絶対にわかる組み込みソフトウェア 5: C言語で7セグLED点灯制御

組み込みソフトウェア

Raspberry Pi(ラズペリーパイ)を使い、組み込みソフトウェアを理解する入門シリーズ第6回。

今回は、C言語を使って7セグLEDを点灯します。
組み込みソフトウェアを作るスキルを習得するのが目的であれば、ライブラリの使用は極力控え、下層レベルの処理を自ら書けるようになる目標を持つべきだと思います。

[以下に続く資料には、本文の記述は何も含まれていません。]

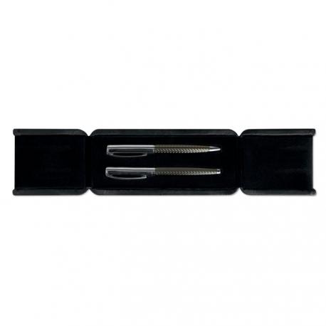 Set de bolígrafo giratorio y roller en caja de regalo. Tinta azul.
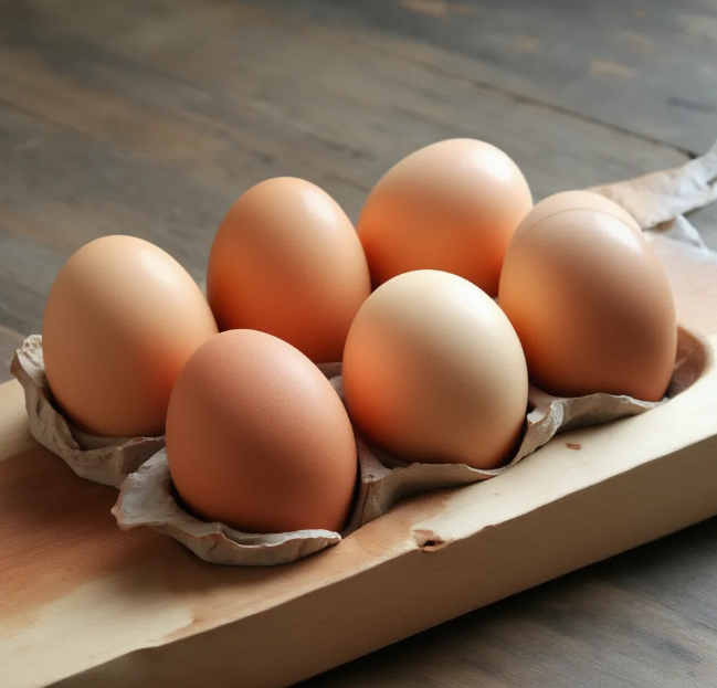 单枚重量控制在55-65克,蛋壳呈天然浅褐色,质地厚实紧实、光泽温润

この記事はそのような方に向けた情報にしていますので、WiringPiを使わずに書きました
WiringPiというライブラリと使えば、レジスタを触ることなく簡単にGPIOが制御できますが、最初からこのようなライブラリに頼ったソースコードを書く癖がつくと、どのように制御しているかと言う肝の部分が理解できず、応用が効かないエンジニアになります。

今回は、極力原始的なソースコードを書きました。
仕組みがわかったら、その上でライブラリを上手く利用して効率よく良くコードをプログラム作成をすれば良いと思います。

また、ソースコードの説明を書いていますが、C言語を習得している事を前提としているので、C言語そのものについての詳細説明は割愛しています。
C言語を学習するにあたり、私がバイブルと思っている学習本を最後に紹介していますので、そちらを御覧下さい。名著です。

ラズパイと7セグLEDの接続方法については、こちらを御覧下さい。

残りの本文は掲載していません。